I have two dataframes, one radar
which represents data on an equispaced grid with columns for longitude, latitude and height value, and one ice
that has some information related to satellite observations, including the latitude and longitude of the observation. I want to merge the two so I can get ice
with the 'height' column from radar
, based on the geodetic distance point from each ice
row to the closest radar
point.
I'm currently doing it like this:
from geopy.distance import geodesic
import pandas as pd
def get_distance(out):
global radar
dists = radar['latlon'].apply(lambda x: geodesic(out['latlon'], x).km)
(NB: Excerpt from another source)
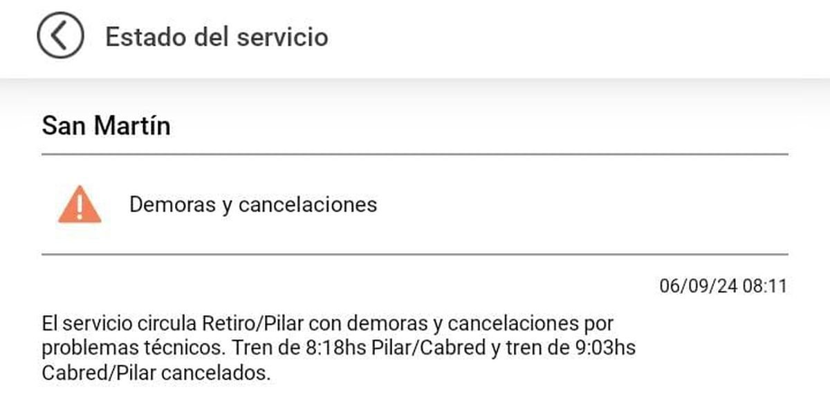 Respecto al Tren San Martín, explicaron que el servicio Retiro/Pilar circula "con demoras y cancelaciones por problemas técnicos". Además, indicaron que el tren de 08:18hs Pilar/Cabred y el tren de 09:03hs Cabred/Pilar fueron cancelados.

out['dist to radar']=min(dists)
out['rate_yr_radar']=radar.loc[dists.idxmin()]['rate_yr_radar']
return out
ICEvsRadar=ice.apply(get_distance, axis=1)
But it's very slow, I have around 200 points in my ice
dataframe and around 50000 on the radar
one. Is a slow performance to be expected based on the computational cost of calculating each distance, or could I improve something in how I apply the function?
edit: uploaded the example data on https://wetransfer.com/downloads/284036652e682a3e665994d360a3068920221203230651/5842f2
The code takes around 25 minutes to run, ice
has lon, lat and latlon fields and is 180 rows long, and radar
has 50000 rows with lon, lat, latlon and rate_yr_radar fields
Edit: Used the help from the comment by Atanas, ended up solving it like this:
import pandas as pd
import numpy as np
from sklearn.neighbors import BallTree
#building tree
Tree = BallTree(np.deg2rad(radar[['lat', 'lon']].values), metric='haversine')
#querying the nearest neighbour
distance, index = Tree.query(np.deg2rad(ice.loc[:, ["lat","lon"]]))
#getting relevant data from radar to merge with ice
reduced_radar = radar.loc[np.concatenate(index), ["rate_yr_radar"]]
reduced_radar['dist to radar']=np.concatenate(distance)*6371 #get correct distance in km
reduced_radar = reduced_radar.reset_index().rename({"index": "index_from_radar"}, axis=1)
#joining data
ice = ice.join(reduced_radar)
It went from a 30 minute runtime to 60 milliseconds!